4 Ways to Scare Away Real Estate Buyers with Content Marketing

If you’re committing these content marketing don’ts, you could scare away real estate buyers instead of attracting them.

As a real estate marketer, your job is to attract prospective buyers and tenants — so the last thing you want to do is misfire and scare people away. Yet, only a third of content marketers rate their content marketing strategies as extremely or very effective.

You want — and need — to be a voice that steers your company through a side of the business that is ever-changing. But even with the best intentions, you might be approaching your audience with the wrong tone, and that can cost you sales.

We’ve got just the plan to make sure your content is in check with what buyers and renters want. Here is our list of content marketing don’ts — the top four offenders that scare away real estate buyers.

4 content marketing don’ts

1) Don’t be generic.

Understand your audience and what makes them click. Real estate buyers want to feel a special connection with the property they buy. If your messaging isn’t personable and personalized, you run the risk of disengaging potential buyers.

Create content that is audience-focused, honing in on what your audience wants to read, not what you want to tell them. Do your research and position your content marketing strategy to focus on prospective buyers’ wants and goals — not yours.

2) Don’t try to sell, sell, sell.

Trying to pass off a blatant sales pitch as content will only hurt your content marketing efforts. Readers view content that isn’t sincere, informative, or authentic as disingenuous, and they’ll quickly turn away.

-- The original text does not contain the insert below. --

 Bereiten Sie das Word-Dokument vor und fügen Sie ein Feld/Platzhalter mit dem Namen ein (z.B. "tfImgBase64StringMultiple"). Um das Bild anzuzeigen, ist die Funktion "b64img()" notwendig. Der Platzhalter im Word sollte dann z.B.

The same goes for content that’s filled with excessive keywords and multiple links meant to boost SEO results.  Everything should be done in moderation so the potential buyer — and search engines — isn’t turned off.

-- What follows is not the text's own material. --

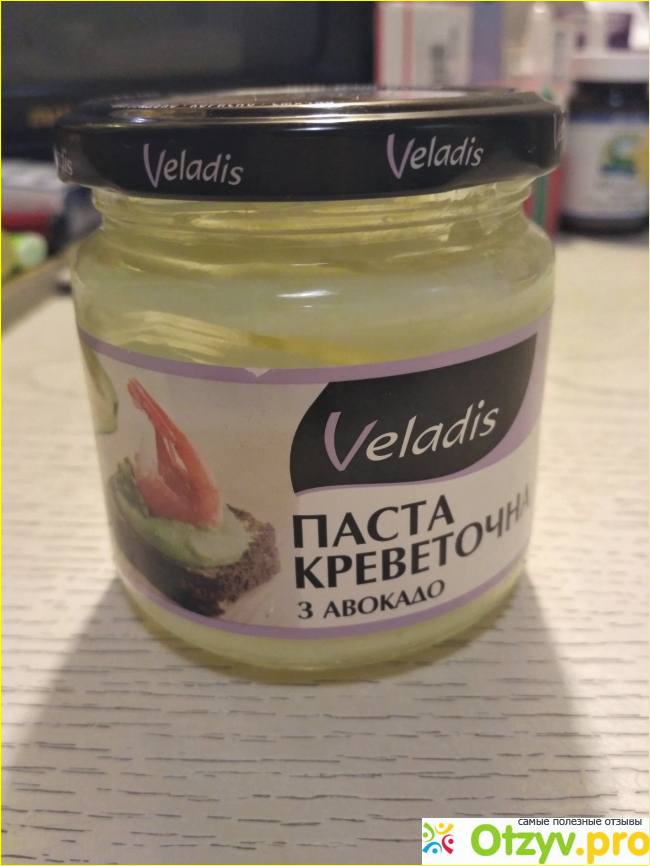 Периодически покупаю бутербродные намазки, но стандартная икра мойвы уже малость надоела. Случайно набрела на Пасту креветочную с авокадо. Купила, т.

Don’t expect your content marketing strategy to result immediately in increased dollars. Building rapport with your target audience takes time with an often-delayed payout.

3) Don’t sacrifice quality.

If your content is shoddy and low quality, potential buyers won’t bother with it. By and large, your prospects value quality, consuming content that offers value and is relevant to their needs and interest in private or commercial real estate.

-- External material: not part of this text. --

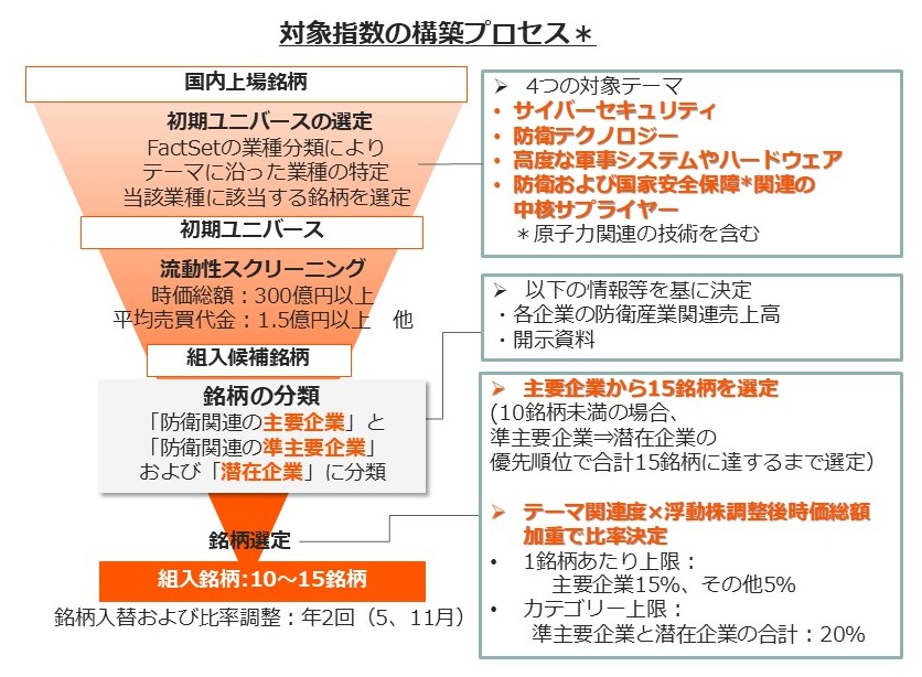 指数の銘柄選定プロセスでは、「サイバーセキュリティ」、「防衛テクノロジー」、「高度な軍事システムやハードウェア」、「防衛および国家安全保障関連の中核サプライヤー」の4つの分野に着目し、関連度の高い銘柄を初期ユニバースとして抽出し、流動性を加味して組入候補銘柄をさらに抽出します。

Rather than publishing many low-quality blog posts, stellar content that stands out will go a long way in improving the buyer’s perception of your property. And adding a variety of media (e.g., photos, videos, infographics) to posts contributes to their value and boosts credibility. Video is an especially powerful medium in real estate marketing. Images and videos take extra investment, but they go a long way in helping the buyer visualize themselves in a property.

4) Don’t go unplanned.

Ensure your content is relevant by documenting a strategy, following it, and adjusting it as needed. An editorial calendar is a great place to start.

Brainstorm ideas for content with colleagues and buyers. Document your goals and methods, and create a plan for attaining them to give your marketing plan organizational clarity. Consistency is king — haphazard content marketing won’t get you anywhere.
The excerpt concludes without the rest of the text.